By Stacy Jurado-Miller, Chief Mission Officer/Developer and Co-Founder at the Vecino Group
This column was originally published in the St. Louis Post-Dispatch.
On Nov. 17, Gov. Eric Greitens and six out of eight members of the Missouri Housing Development Commission moved to eliminate state low-income housing tax credits. They did it outside of the legislative process. They did it with unconfirmed commissioners. They did it after almost an entire year of inaction regarding the creation of new affordable housing.
As a company, the Vecino Group debated how to react. We knew that speaking out against the actions of the governor and commissioners could be career suicide. One of the problems with Missouri is that these tax credits are awarded without a point system. The commission is made up of the state’s top elected officials and gubernatorial appointees. With political influence potentially affecting which housing deals are funded and whichdeals are not, the safe move is to curry political favor, hold back on criticism, and stay quiet.
But safe isn’t always right.
In eliminating the state low-income housing tax credit, the governor talked about ending “politics as usual.” What he moved to end, though, is funding. He kept the politics completely intact.
Nowhere in his statement on ending the tax credits did the governor present an alternative plan for addressing affordable housing needs in Missouri. That alone is a red herring. There are 28,000 people on the waiting list for affordable housing at the St. Louis Public Housing Authority. In Kansas City, there are 1,600 homeless people and a two- to three-year waiting list at the KC Public Housing Authority. All across Missouri, rents are rising, housing inventory is shrinking, and vast swaths of our neighbors are one stroke of bad luck away from living on the streets. Nearly every mayor in Missouri stands united in opposing the elimination of the tax credits.
A few things deserve light and transparency in this situation:
The commission proposed no changes to eliminate potential political influence from the funding process. Almost all states, except Missouri, allocate their low-income housing tax credits via a point system. A scoring rubric is published in advance, applications are analyzed and scored according to the published rubric, and all scores are posted on state agency websites for public viewing. In Missouri, there is no point system. No one every really knows why a deal was or was not funded. Some of the MHDC commissioners are elected officials. Elected officials receive donations. The whole thing is rife with the potential for influence and a lack of transparency.
Creating a point system also allows the state to prioritize what type of housing it wants, proactively meeting the most pressing housing needs. This ensures the quantifiable results Greitens says are missing from the current program.
If this tax credit program is eliminated, another funding source will be needed to bridge the funding gap for permanent supportive housing. The draft qualified application plan still prioritizes housing for homeless veterans and people with developmental disabilities. Without tax credits or an alternate form of supplemental funding, though, it will be impossible to create the extremely low rents and supportive services required for supportive housing. This alternative should be determined before the tax credit program is eliminated.
Changes to the tax credit program are to be determined by the Legislature, as per the Missouri Constitution. The events of Nov. 17 violated legislative process. Additionally, Commissioner Jason Crowell, who brought forth the plan to eliminate tax credit program, was quickly appointed by Gov. Greitens and has not been approved by the state Senate.
The Missouri Housing Development Commission has failed to act on a state-approved notice of funding availability issued in 2016 for a 4 percent bond funding round. The notice solicited applications for housing applications, with funding decisions expected in March. It is now December and nothing has happened. The applications received were never even posted on the website. Though a new administration might look toward future changes, when Missouri issues such a notice and businesses spend time and money to respond, the notice should be executed.
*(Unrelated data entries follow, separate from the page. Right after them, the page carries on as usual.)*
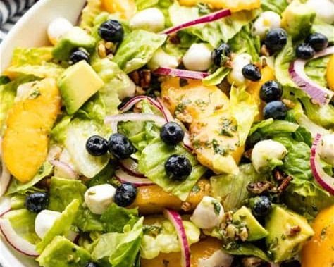 Summer peach salad is full of sweet flavors from peach, blueberry, avocado and more!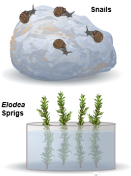 Observe: Put one sprig of Elodea and one snail in a test tube with the lights on. Click Play.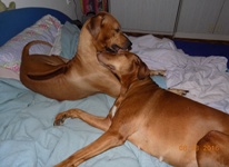 A protože se Geenuška velice rychle vrátila do své obvyklé kondice - včetně vybalování věcí (jako první vyrabovala rozlišováčky, zřejmě kontrolovala, jestli jich máme na příště dost) a trhání prostěradel, rozhodli jsme se, že krytí zopakujeme. Náš vytoužený D vrh s princezničkou pro nás zkusíme na podzim. Tak na nás myslete a pokud by Vás štěňátko z tohoto spojení zajímalo napiště nám.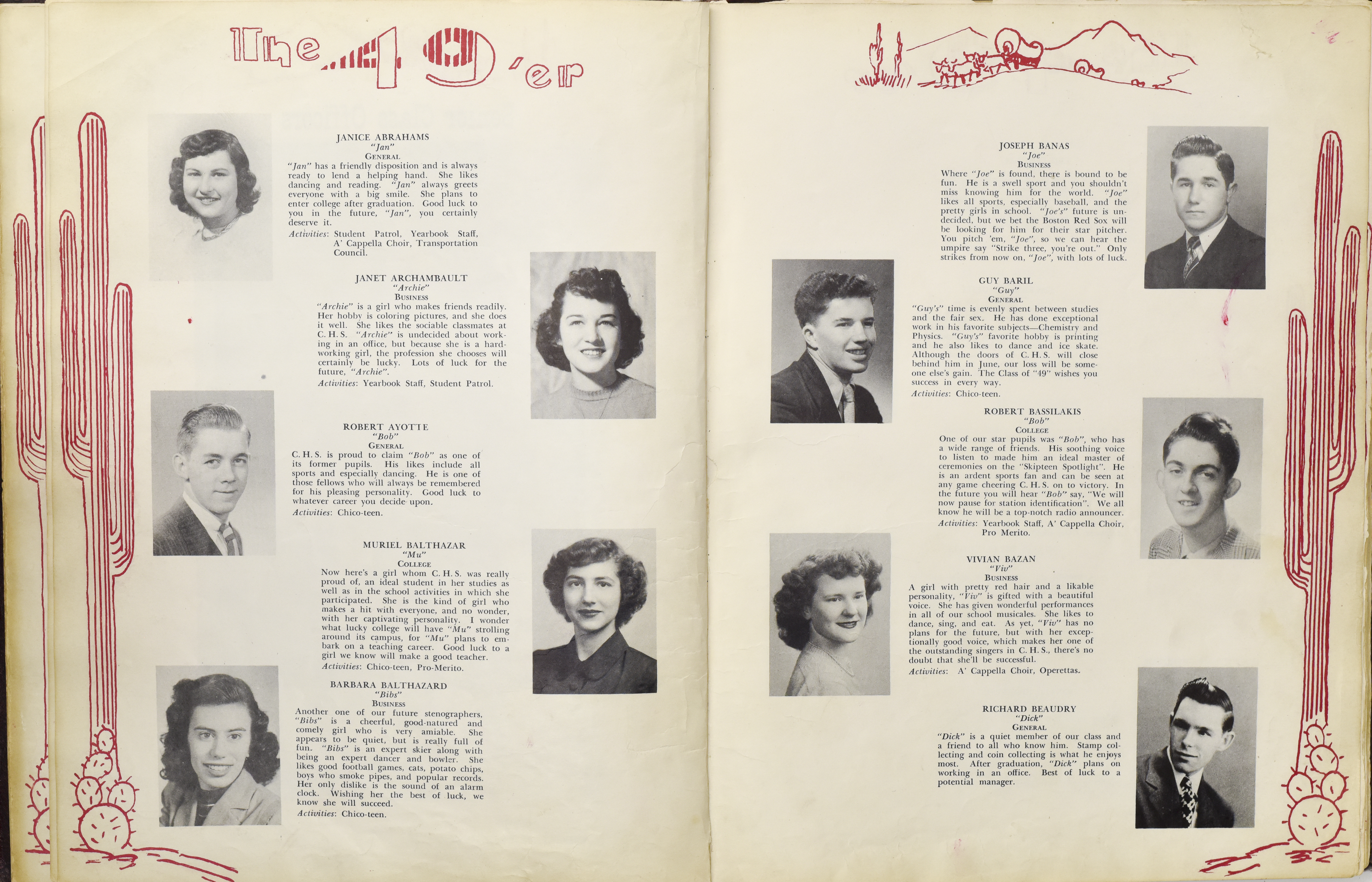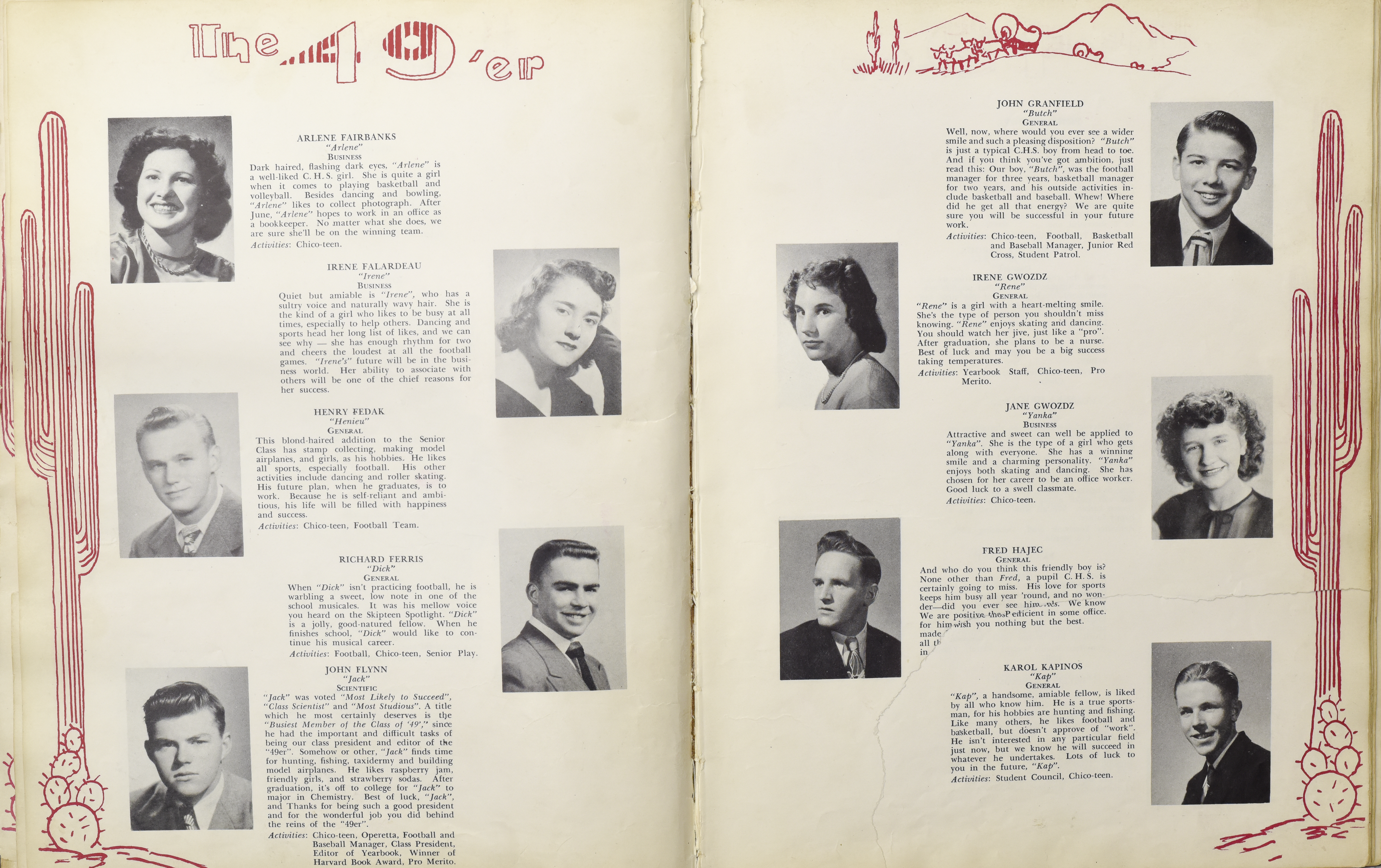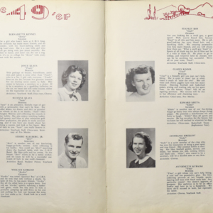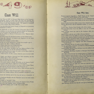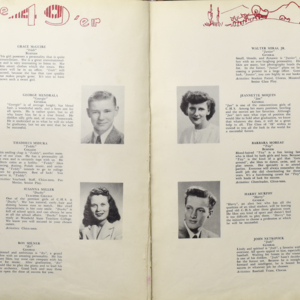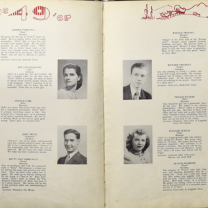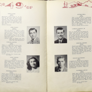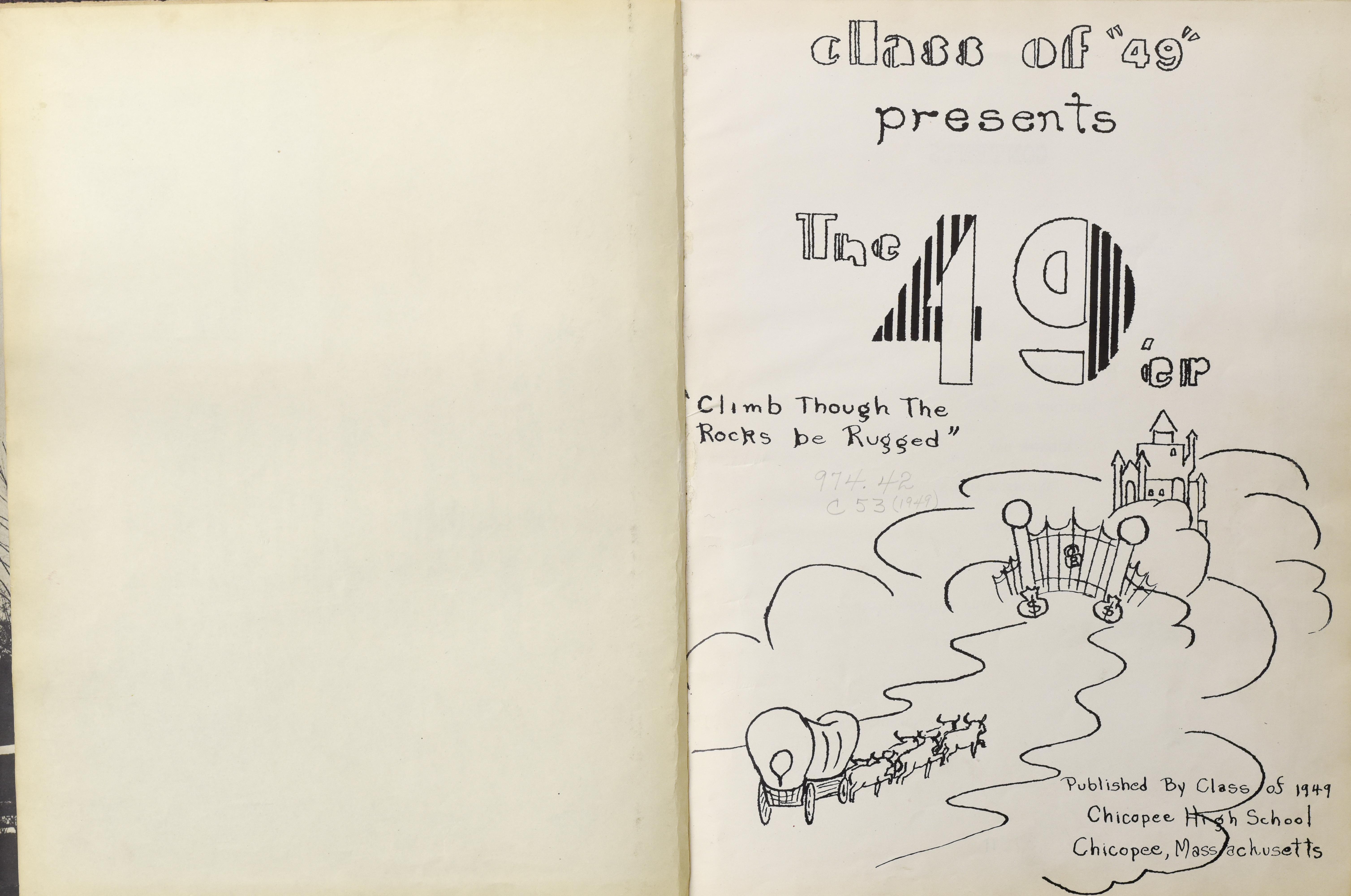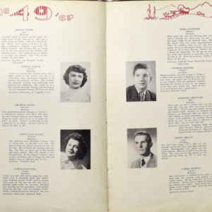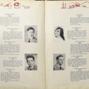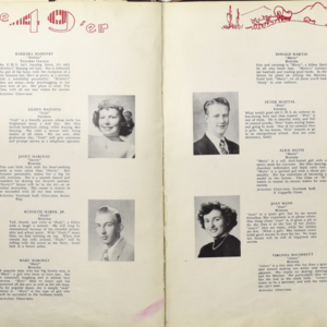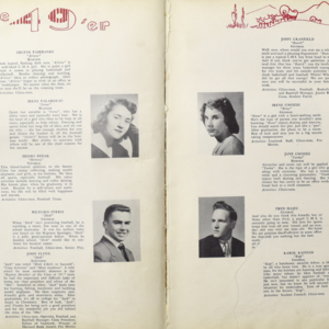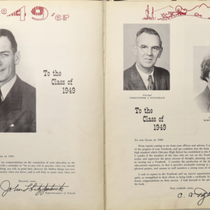 Yearbook for the class of 1949 of the Chicopee High School. Includes class photographs; individual senior portraits; clubs; sports; faculty; class will; casual photographs of students; dedications and sponser ads.

The best governance is transparent, honest and inclusive. Affordable housing is too important to merit anything less.
Prone to toothy smiles and passionate causes, Stacy Jurado-Miller brought the greater good mission to the Springfield, Missouri-based Vecino Group and maintains its focus today. As a Co-Founder and a Supportive Housing Developer, she’s grateful to make a living through social activism. She’s also grateful for fine-waiving day at the library, morning workouts, and any weekend that doesn’t involve a kid birthday party.
Articles in “From the Field” represent the opinions of the author only and do not represent the views of the Community Builders Network of Metro St. Louis or the University of Missouri-St. Louis.